Apparently this is the line we’re going to hear about Biden’s vote for Iraq:
Former Secretary of State John Kerry defended former Vice President Biden over the Iraq War, saying that the George W. Bush administration “broke their word with respect to how they would proceed” in Iraq.
“The fact is that we were promised by a president, by an administration, that they were going to do it as a last resort after exhausting diplomacy, that if they have to go to war it would be with a coalition that they built broadly, and that they would do it only in conjunction with our allies,” Kerry said Friday. “It didn’t have to happen; it was a war of choice.”
“It was a mistake to have trusted them, I guess, and we paid a high price for it,” Kerry added. “But that was not voting for the war.”

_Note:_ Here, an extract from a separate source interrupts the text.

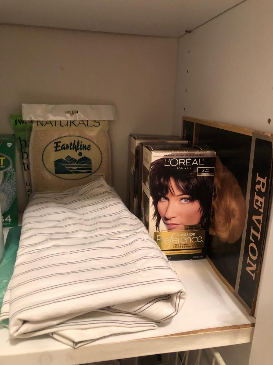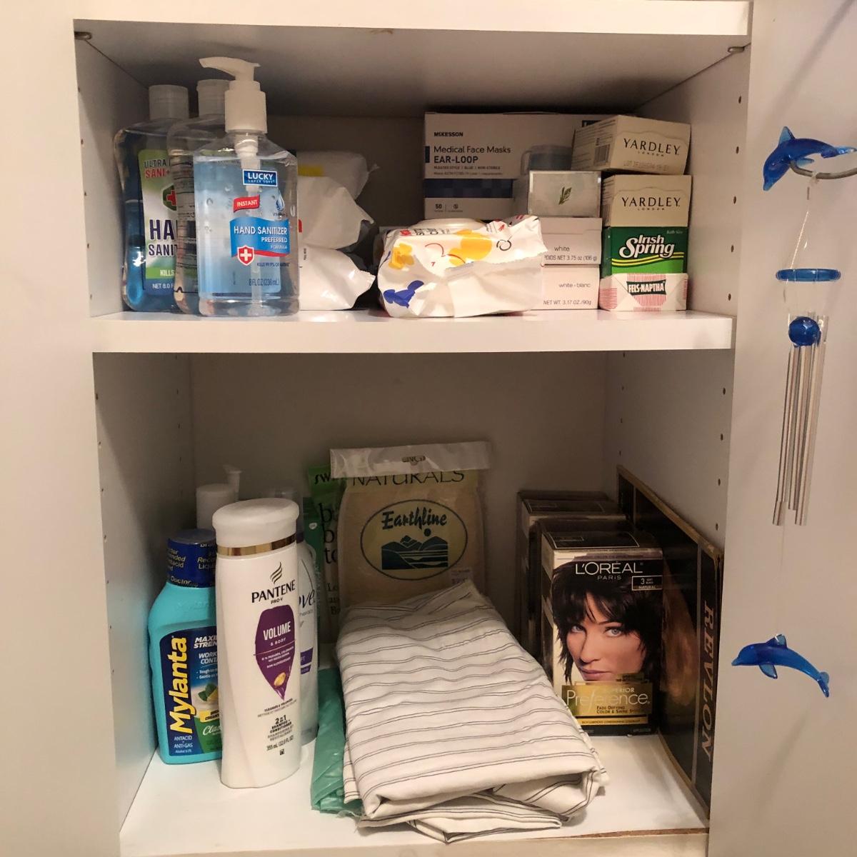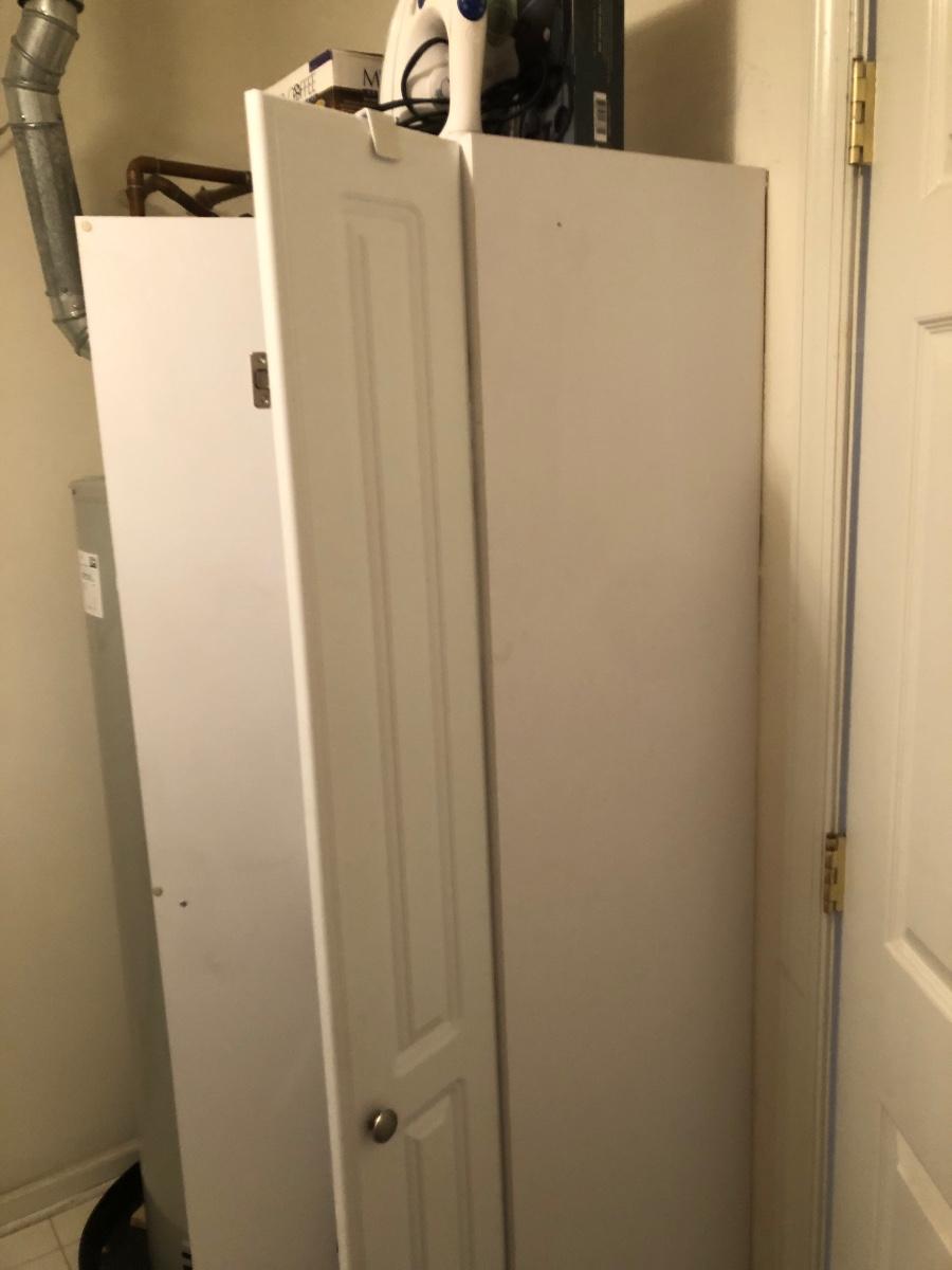 LOT 149M: White Cabinet & ALL of the Household Finds

This is such a projection of weakness and, frankly, political cowardice – we trusted Bush and he let us down. A mistake “I guess”. Is that really where Biden wants to go with this? To say he’s a victim of Bush? Two thoughts:
First, if we’re supposed to trust your judgment as the biggest, baddest, smartest foreign policy guy, isn’t trusting Cheney/Bush on foreign policy a refutation of learning from your experience? We all know people who have worked in a job for a long time (“experienced”) and absolutely suck at it. It’s not the experiences you have, but how you’ve grown and learned from them. If you hadn’t learned that you can’t trust someone like Cheney/Bush not to go to war, and you haven’t learned that Iraq was the biggest foreign policy fuckup in the last two decades of this country’s existence–and that any role you played in it deserves apology rather than weak excuses like this– you’ve learned nothing.
Second, Iraq is such heavy baggage. If I had to point to one factor that sunk Clinton’s ’08 campaign, other than her advisors’ inability to count delegates, it was her Iraq vote in contrast to Obama’s position on the war. I also think it was a factor in Kerry’s ’04 loss, since he had to dance around his vote rather than have a simple, forthright position opposing the war. Instead of trotting out excuse makers, the Biden campaign needs to be working to dump that baggage with a short, sweet acknowledgement of error and failure.

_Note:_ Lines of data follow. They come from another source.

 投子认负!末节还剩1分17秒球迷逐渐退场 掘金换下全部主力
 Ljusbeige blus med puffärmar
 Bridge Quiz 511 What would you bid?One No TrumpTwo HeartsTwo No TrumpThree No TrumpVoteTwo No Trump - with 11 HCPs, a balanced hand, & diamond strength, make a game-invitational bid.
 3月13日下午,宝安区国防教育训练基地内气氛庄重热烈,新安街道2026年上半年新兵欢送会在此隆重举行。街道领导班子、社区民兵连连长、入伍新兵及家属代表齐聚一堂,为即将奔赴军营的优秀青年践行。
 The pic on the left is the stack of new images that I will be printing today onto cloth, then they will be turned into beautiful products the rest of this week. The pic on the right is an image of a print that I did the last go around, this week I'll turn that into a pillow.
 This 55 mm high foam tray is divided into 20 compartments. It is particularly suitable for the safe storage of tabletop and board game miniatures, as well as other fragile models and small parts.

All that said, there are some things about Iraq I don’t understand at a very fundamental level. I was never, ever for a war in Iraq after 9/11. I certainly supported the Afghanistan war, but Iraq was clearly an war of choice. It had nothing to do with the perpetrators of 9/11. It seemed just like the kind of overreaction that they were trying to bait us into, we fell for it, and any honest history will show that it was a waste of some of our best people and immense amounts of money.
So when the excuse making begins, I have no interest in or patience for it, because I thought it was an obvious mistake from the start. The fact that it was a popular mistake at the time, and that Cheney/Bush lied about it, holds absolutely no water. I don’t think I’m alone in that view, but I guess Biden wants to go to Kerrytown in a bucket. I’m afraid I’m not enjoying the ride.